== AVAILABLE DATA ==
------
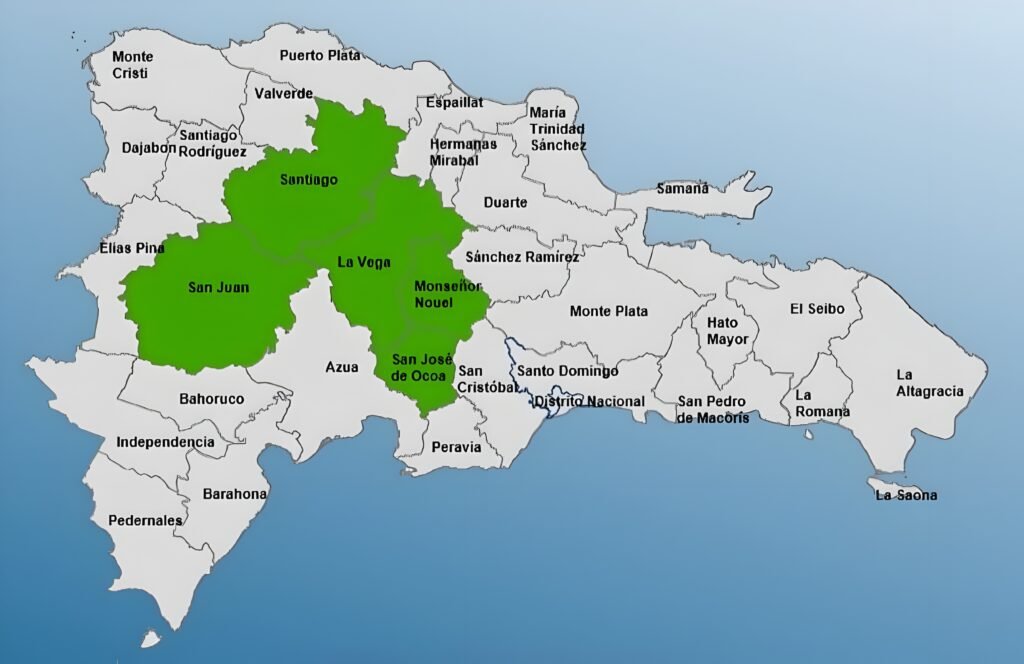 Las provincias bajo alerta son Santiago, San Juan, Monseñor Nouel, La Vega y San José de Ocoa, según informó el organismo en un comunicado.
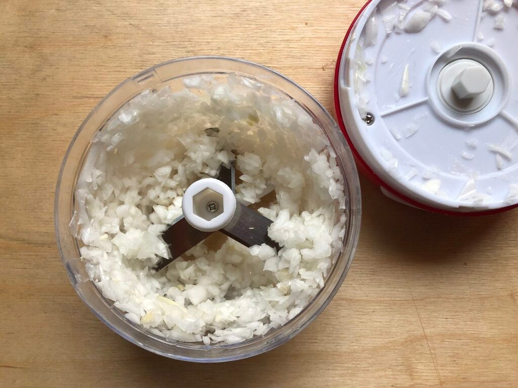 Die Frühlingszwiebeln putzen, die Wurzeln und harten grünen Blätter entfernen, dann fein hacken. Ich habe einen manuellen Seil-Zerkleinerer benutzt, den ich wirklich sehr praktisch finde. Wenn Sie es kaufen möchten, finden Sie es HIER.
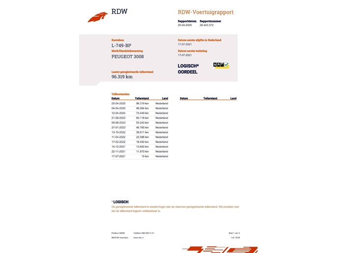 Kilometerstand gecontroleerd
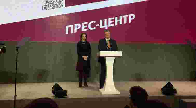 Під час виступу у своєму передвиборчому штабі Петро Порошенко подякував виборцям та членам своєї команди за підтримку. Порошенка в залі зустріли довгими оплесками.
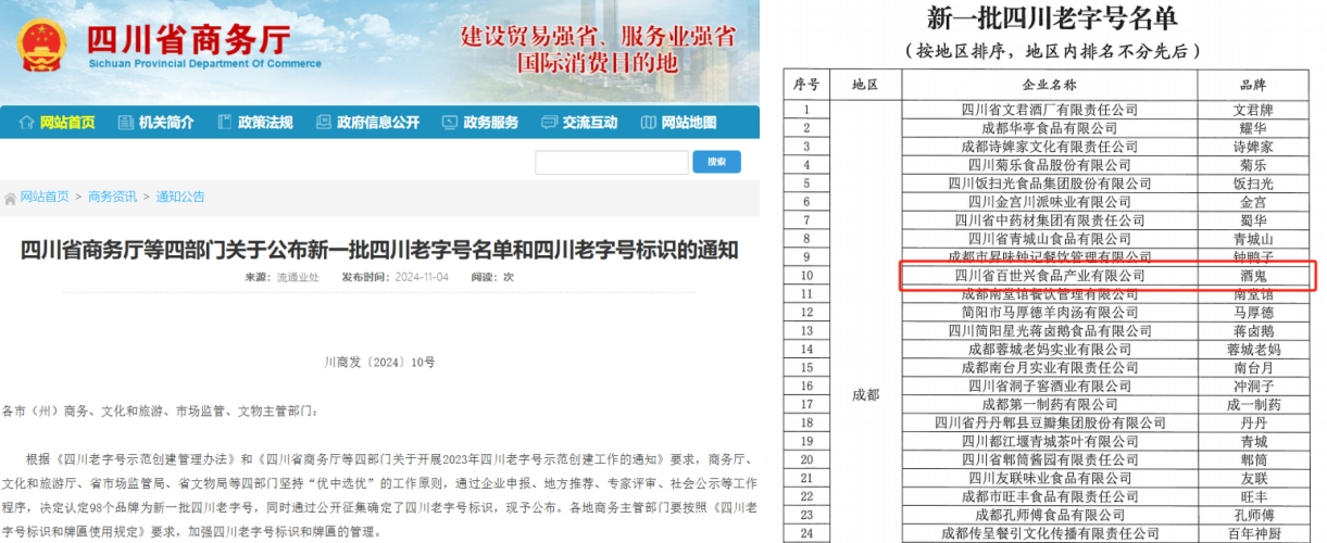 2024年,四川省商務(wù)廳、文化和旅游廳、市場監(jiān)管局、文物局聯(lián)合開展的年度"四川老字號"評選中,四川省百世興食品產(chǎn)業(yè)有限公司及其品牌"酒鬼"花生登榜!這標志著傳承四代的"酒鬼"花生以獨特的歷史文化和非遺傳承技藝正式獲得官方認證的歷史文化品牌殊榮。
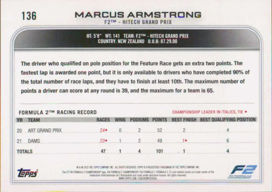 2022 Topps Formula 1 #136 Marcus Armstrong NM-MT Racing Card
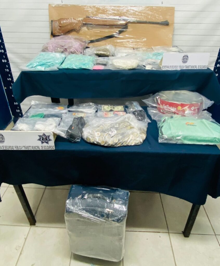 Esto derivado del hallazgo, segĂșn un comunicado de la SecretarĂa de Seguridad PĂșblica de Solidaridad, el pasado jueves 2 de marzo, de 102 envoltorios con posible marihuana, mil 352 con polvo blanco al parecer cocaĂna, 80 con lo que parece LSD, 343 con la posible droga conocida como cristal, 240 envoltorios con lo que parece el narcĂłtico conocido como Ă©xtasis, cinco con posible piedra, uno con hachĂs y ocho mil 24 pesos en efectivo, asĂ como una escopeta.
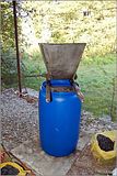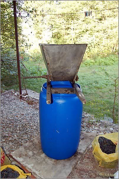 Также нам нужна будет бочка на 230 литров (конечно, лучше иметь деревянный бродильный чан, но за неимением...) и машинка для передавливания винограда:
------
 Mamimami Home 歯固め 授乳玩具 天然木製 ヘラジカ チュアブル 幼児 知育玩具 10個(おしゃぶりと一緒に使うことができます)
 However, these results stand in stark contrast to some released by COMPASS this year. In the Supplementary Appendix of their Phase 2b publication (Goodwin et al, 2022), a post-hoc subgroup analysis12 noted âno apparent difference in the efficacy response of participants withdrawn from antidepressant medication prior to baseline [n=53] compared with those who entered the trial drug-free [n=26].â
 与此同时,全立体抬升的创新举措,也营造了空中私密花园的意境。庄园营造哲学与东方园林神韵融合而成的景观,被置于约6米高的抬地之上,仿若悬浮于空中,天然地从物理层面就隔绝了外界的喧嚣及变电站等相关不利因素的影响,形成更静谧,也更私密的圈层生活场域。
------
== PROBLEM ==
In the listing above, find the line with "Mamimami Home 歯固め" and the line with "与此同时,全立体抬升的创新举"; set down exactly those two lines and every line between them, nothing more.

== SOLUTION FOR THIS PROBLEM ==
 Mamimami Home 歯固め 授乳玩具 天然木製 ヘラジカ チュアブル 幼児 知育玩具 10個(おしゃぶりと一緒に使うことができます)
 However, these results stand in stark contrast to some released by COMPASS this year. In the Supplementary Appendix of their Phase 2b publication (Goodwin et al, 2022), a post-hoc subgroup analysis12 noted âno apparent difference in the efficacy response of participants withdrawn from antidepressant medication prior to baseline [n=53] compared with those who entered the trial drug-free [n=26].â
 与此同时,全立体抬升的创新举措,也营造了空中私密花园的意境。庄园营造哲学与东方园林神韵融合而成的景观,被置于约6米高的抬地之上,仿若悬浮于空中,天然地从物理层面就隔绝了外界的喧嚣及变电站等相关不利因素的影响,形成更静谧,也更私密的圈层生活场域。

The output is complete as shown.